> [DIRECTIONS FOR THIS TASK]:
With the exception of the pictures, transcribe the entire listing exactly.

> [SUPPLIED ENTRIES]:
● ● ● ● ● ● ●
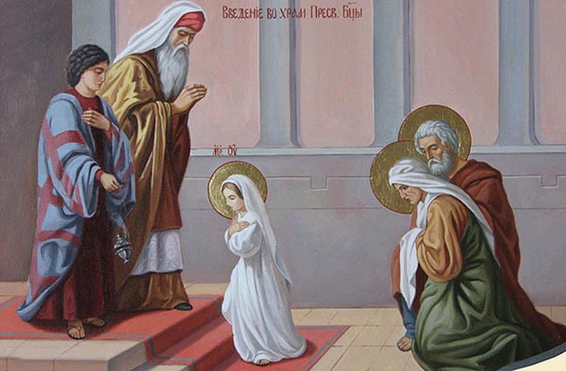 Когда исполнилось Деве Марии три года от рождения, родители Ее устроили торжественное введение Ее во храм Господень; в сопровождении свещеносных дев Она была встречена первосвященником Захарией и введена для поклонения Богу во святая святых, куда архиерей один мог входить только однажды в год. Как всякое пророчество не было произносимо по воле человеческой (Пет. 1, 21), так и этот необыкновенный поступок пророка Захарии мог быть совершен не иначе, как по особенному определению Божиему; потому и ангелы удивились, как воспевает Церковь, когда увидели, яко Дева входит во святая святых.
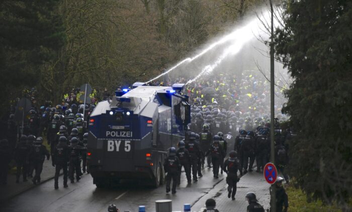 Die Polizei räumte unter anderem eine Blockade von 2.000 Personen auf der Bundesstraße 49 und setzte nach eigener Aussage auch Wasserwerfer ein, „nachdem die Gruppe auf die mündliche Aufforderung, die Straße freizumachen, nicht reagiert hat“.
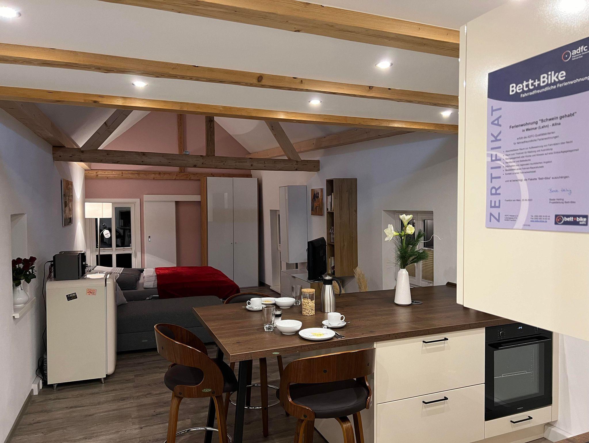 Willkommen in der Ferienwohnung 'Schwein gehabt' – Ihre perfekte Auszeit mit einem Hauch von Landwirtschaft! Dieses liebevoll kernsanierte Stallungsgebäude, umgebaut in ein wunderbares Apartment, bietet Ihnen ein komfortables 1-Zimmer-Apartment mit eigenem Bad sowie einem separaten Waschraum zur Mitbenutzung.
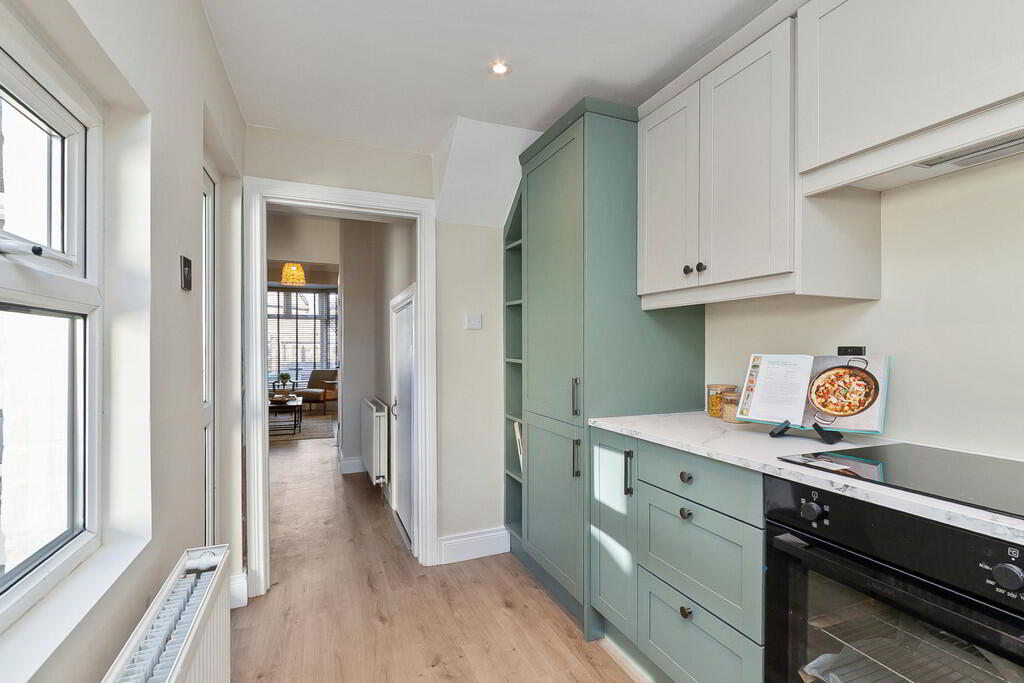 The accommodation comprises of a bay fronted living room, complete with a wood burning stove open to a casual dining area and a modern kitchen with a range of integrated appliances on the ground floor. The master bedroom is to the first floor and boasts a fitted walk in dressing room and luxury ensuite. A further two double bedrooms are to the second floor.
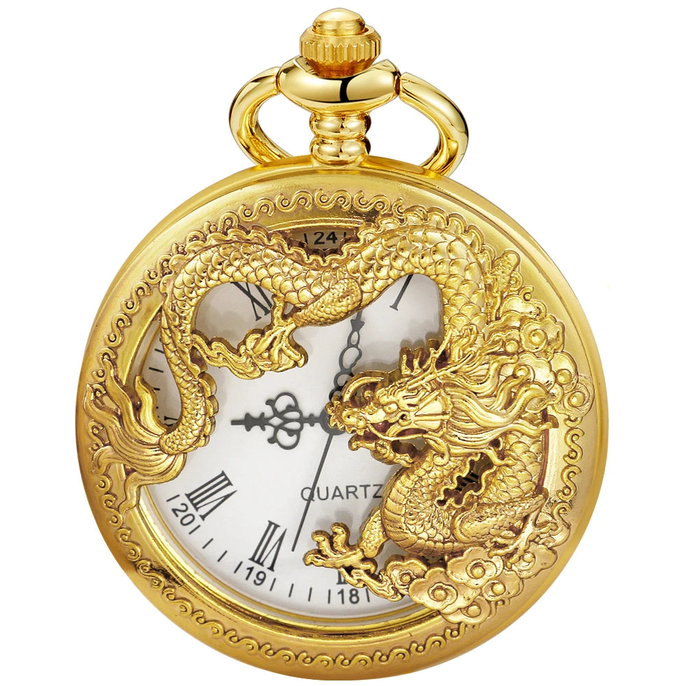 Złoty Zegarek Kieszonkowy Steampunk z Grawerem Smoka Quartz
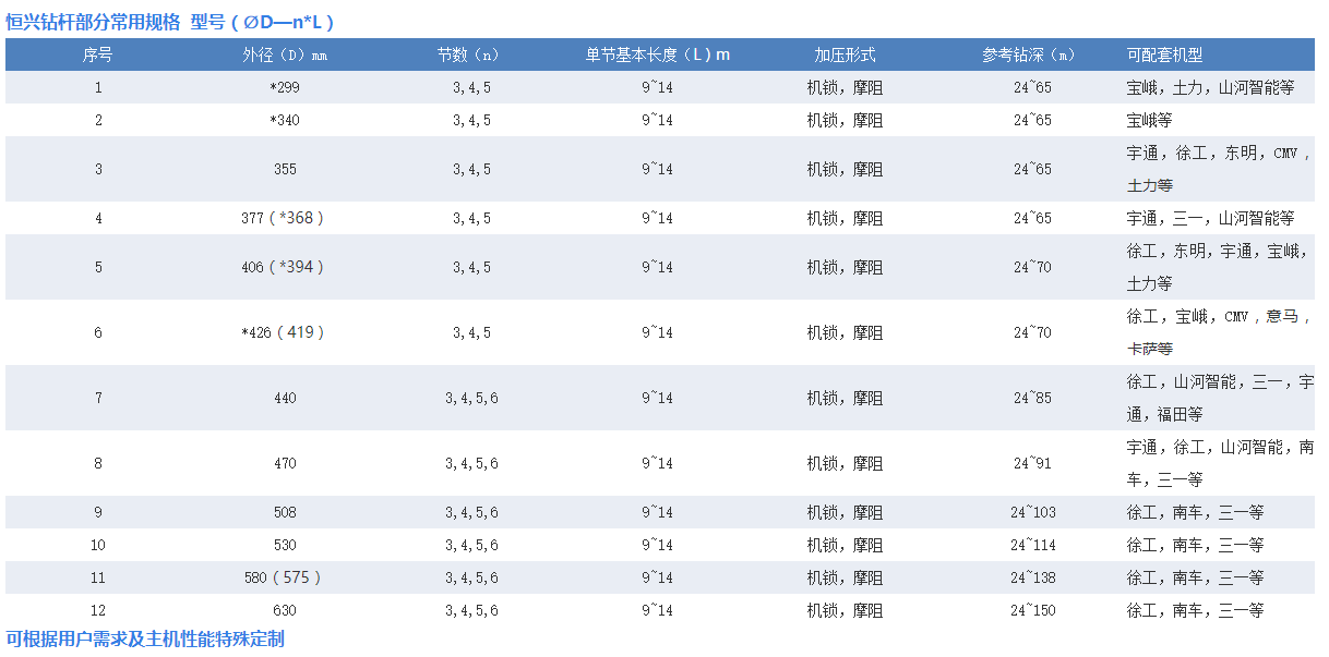6.鉆桿有摩阻式、機鎖式和組合形式,長度根據用戶實際需求并結合鉆機參數確定。不同的扭矩可以與大小、噸位不同的旋挖鉆機匹配,外徑系列和扭矩系列可以任意組合,吊耳和方頭有多重鏈接方式可共客戶選擇
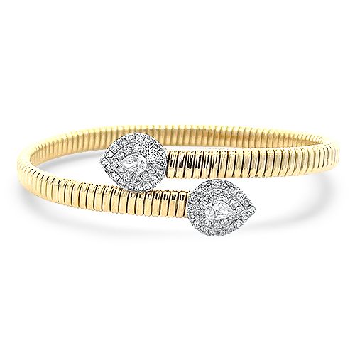 A graceful look for your bracelet stack. Our 18kt yellow gold Italian-made cuff bracelet shines in a striking bypass design with two pear shape diamonds in stunning double diamond halos totaling 1.10ctw.
● ● ● ● ● ● ●
> [RESPONSE]:
 Когда исполнилось Деве Марии три года от рождения, родители Ее устроили торжественное введение Ее во храм Господень; в сопровождении свещеносных дев Она была встречена первосвященником Захарией и введена для поклонения Богу во святая святых, куда архиерей один мог входить только однажды в год. Как всякое пророчество не было произносимо по воле человеческой (Пет. 1, 21), так и этот необыкновенный поступок пророка Захарии мог быть совершен не иначе, как по особенному определению Божиему; потому и ангелы удивились, как воспевает Церковь, когда увидели, яко Дева входит во святая святых.
 Die Polizei räumte unter anderem eine Blockade von 2.000 Personen auf der Bundesstraße 49 und setzte nach eigener Aussage auch Wasserwerfer ein, „nachdem die Gruppe auf die mündliche Aufforderung, die Straße freizumachen, nicht reagiert hat“.
 Willkommen in der Ferienwohnung 'Schwein gehabt' – Ihre perfekte Auszeit mit einem Hauch von Landwirtschaft! Dieses liebevoll kernsanierte Stallungsgebäude, umgebaut in ein wunderbares Apartment, bietet Ihnen ein komfortables 1-Zimmer-Apartment mit eigenem Bad sowie einem separaten Waschraum zur Mitbenutzung.
 The accommodation comprises of a bay fronted living room, complete with a wood burning stove open to a casual dining area and a modern kitchen with a range of integrated appliances on the ground floor. The master bedroom is to the first floor and boasts a fitted walk in dressing room and luxury ensuite. A further two double bedrooms are to the second floor.
 Złoty Zegarek Kieszonkowy Steampunk z Grawerem Smoka Quartz
6.鉆桿有摩阻式、機鎖式和組合形式,長度根據用戶實際需求并結合鉆機參數確定。不同的扭矩可以與大小、噸位不同的旋挖鉆機匹配,外徑系列和扭矩系列可以任意組合,吊耳和方頭有多重鏈接方式可共客戶選擇
 A graceful look for your bracelet stack. Our 18kt yellow gold Italian-made cuff bracelet shines in a striking bypass design with two pear shape diamonds in stunning double diamond halos totaling 1.10ctw.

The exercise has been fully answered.